Android App Ratings & Reviews

Android in Space

by On March 25, 2013

android SPHERECalling a smartphone OS ‘Android’ has always had a bit of a futuristic, outer-space type of tone to it; but in reality Android smartphones have actually been in space for a few years now. The Human Exploration and Tele-robotics Project or HET being lead by NASA’s Ames Research Center that uses SPHERES, which stands for ‘Synchronized Position Hold, Engage, Reorient, Experimental Satellites’ has been using Nexus S smartphones running on Android Gingerbread as the brain for these little satellites on the International Space Station for almost three years now.

The SPHERES aren’t really your normal satellite floating in orbit around the planet however; instead they are used inside the ISS to test tele-robotic cameras, sound, and radiation levels. The idea of using an Android OS brain for the SPHERES is to allow human researchers on earth to be able to control the SPHERES remotely in order to perform tests on the ISS. Up until now everything had to be done by an astronaut actually on the ISS.

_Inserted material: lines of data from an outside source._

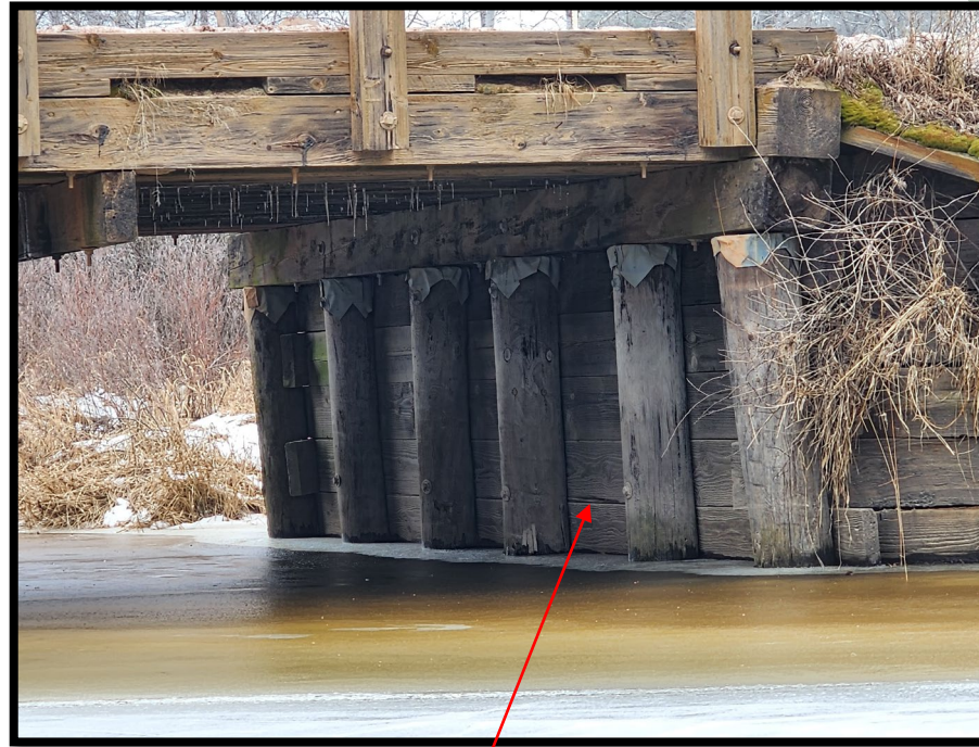
Cracking in timber abutments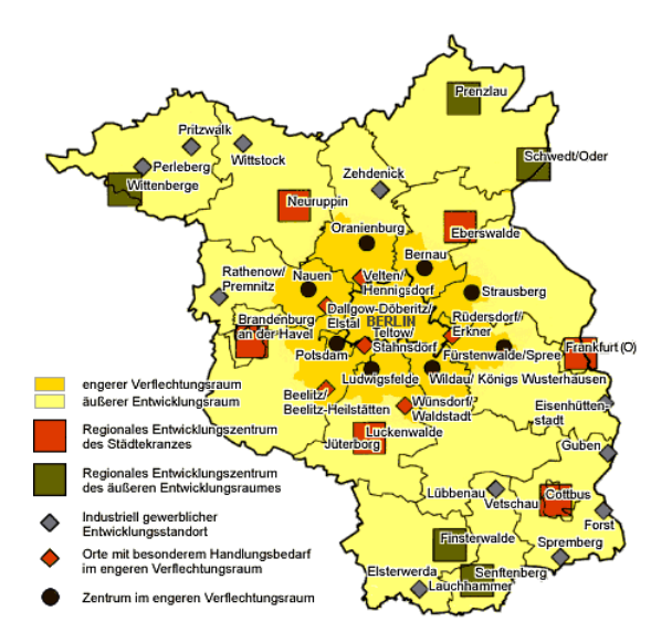
Figure 1: The model of 'decentralized concentration' in Brandenburg regional policy until 2005 Source: www.stadtentwicklung.berlin.de

The policy provided an organizational infrastructure based on a central steering office (the Steuerungsgruppe Regionale Wachstumskerne ) in the Gemeinsame Landesplanungsabteilung and on decentralized regional offices ( Koordinationsstelle Regionaler Wachstumskern ) in charge of coordinating interactions and activities involved in preparing integrated strategic development schemes at the micro-regional level.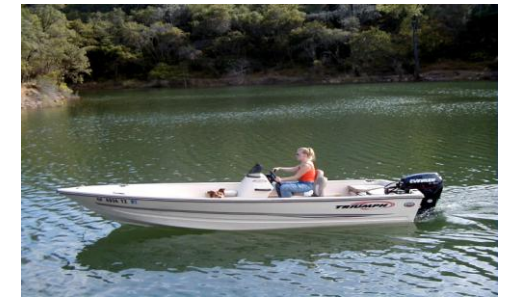
U2 5 PEOPLE MAX $100/day 17' single console, 50 HP motor

***All prices are subject to change. For verification of current prices and availability, call 530-432-6302 Boats are reserved by payment of ½ rental fee in advance.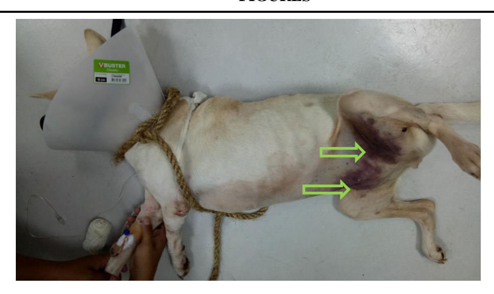
Figure 01: The infected dog with of several cutaneous echymoses (arrow).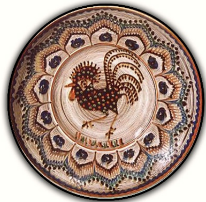
Figure 5. Traditional plates with the Horezu Rooster and the star, Eufrosina Vicsoreanu the decorations are made using the process of “jiravare”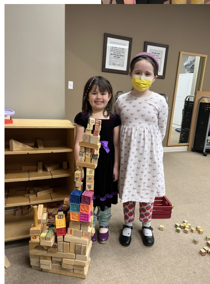
Left: Sunday School kids building a "house on rock" after learning the Bible story.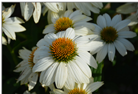
PowWow White Coneflower flowers

This is a relatively low maintenance plant, and is best cleaned up in early spring before it resumes active growth for the season. It is a good choice for attracting birds and butterflies to your yard, but is not particularly attractive to deer who tend to leave it alone in favor of tastier treats. It has no significant negative characteristics.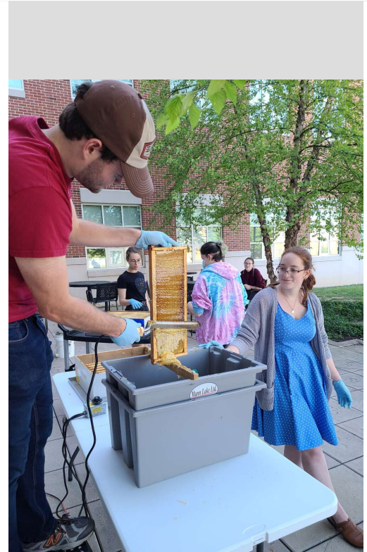
Extraction event held in a central campus location

By connecting a smartphone to the SPHERES it allowed researchers to use the built-in camera to take pictures and video, perform difficult calculations, help conduct inspections, and to use the Wi-Fi to send information in real-time back to the Space Station and Mission Control.

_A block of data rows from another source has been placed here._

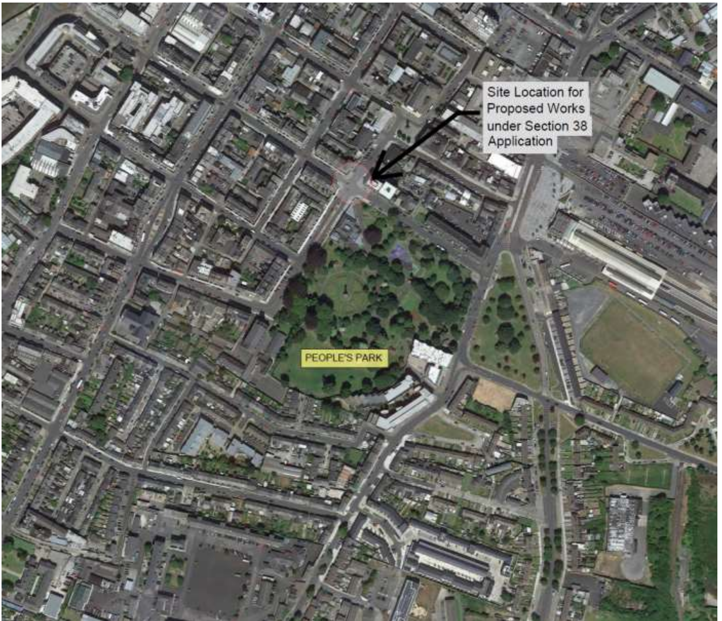
Figure 2.1: Site Location – Junction at the intersection of Mallow Street and Pery Square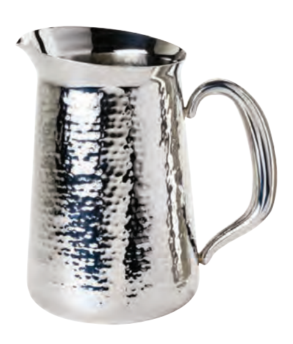
Water Pitcher w/o guard 68 oz. HWP200 5.25"D x 8"H - 1.5#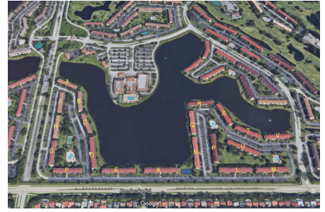
Built in 1992 - 688 units - 4 floors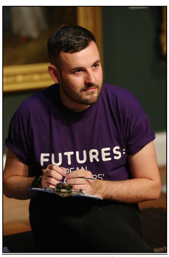
5. Volunteer wearing a FUTURES branded t-shirt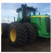
JD 9560R 2013

Premium cab, PS trans, 4 remotes, 1000 PTO, 800-46 Opti-Trac duals, 930-hrs, #7998 -Located in Four Lakes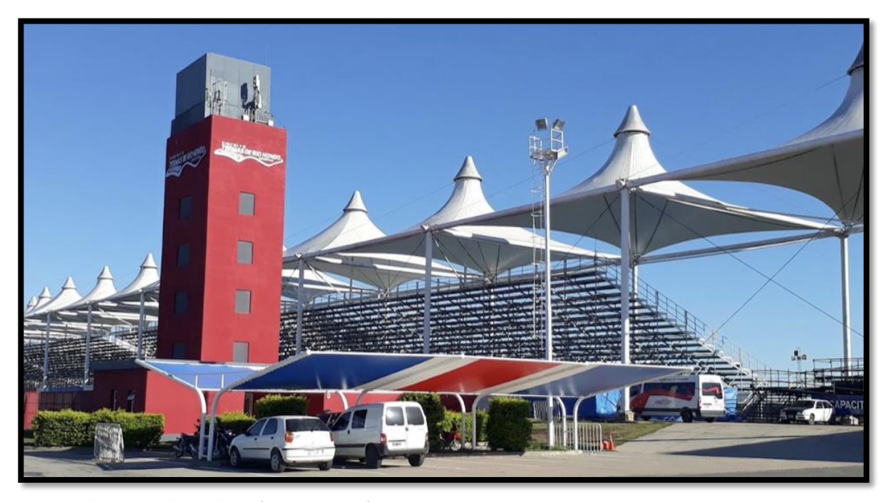
Figure 6: The Rio Hondo speedway (IBI Consultants)

One of the few people to use the new international airport at Rio Hondo, about 45 miles outside to the provincial capital, is Zamora, who, according to documents reviewed by IBI Consultants, used public funds to purchase Lear Jets described as air ambulances and a Boeing 737 that is in the United States being retrofitted for special flying conditions. There are extensive media reports

The Nexus S smartphone model was used because it was the easiest to disassemble and modify for the needs of the SPHERES. Of course some modifications had to be done to the Android OS and the phone before it was space worthy; the first thing that had to be done was to permanently enable the smartphone’s airplane mode to prevent interference with any of the ISS’s aviation equipment. The next task was to find a way to power the phone using alkaline batteries instead of the normal lithium-ion batteries, because alkaline batteries degrade ‘more nicely’. The Nexus S phones are now powered by six AA batteries.

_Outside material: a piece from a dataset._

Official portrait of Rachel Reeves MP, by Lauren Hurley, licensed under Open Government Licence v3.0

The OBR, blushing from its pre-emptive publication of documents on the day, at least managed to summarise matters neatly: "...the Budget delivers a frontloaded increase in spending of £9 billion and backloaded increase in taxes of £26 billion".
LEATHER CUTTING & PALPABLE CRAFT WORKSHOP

The next generation of Android brained SPHERES will be powered by the Nexus 4 smartphone; and Android looks like it will be a mainstay on the ISS for the foreseeable future because of Android’s flexibility, how easily it is modify whatever is needed, and how well it works with the Windows XP SP3 computers that are in use on the ISS.

It would seem that Android has become the unofficial smartphone for users outside of this world.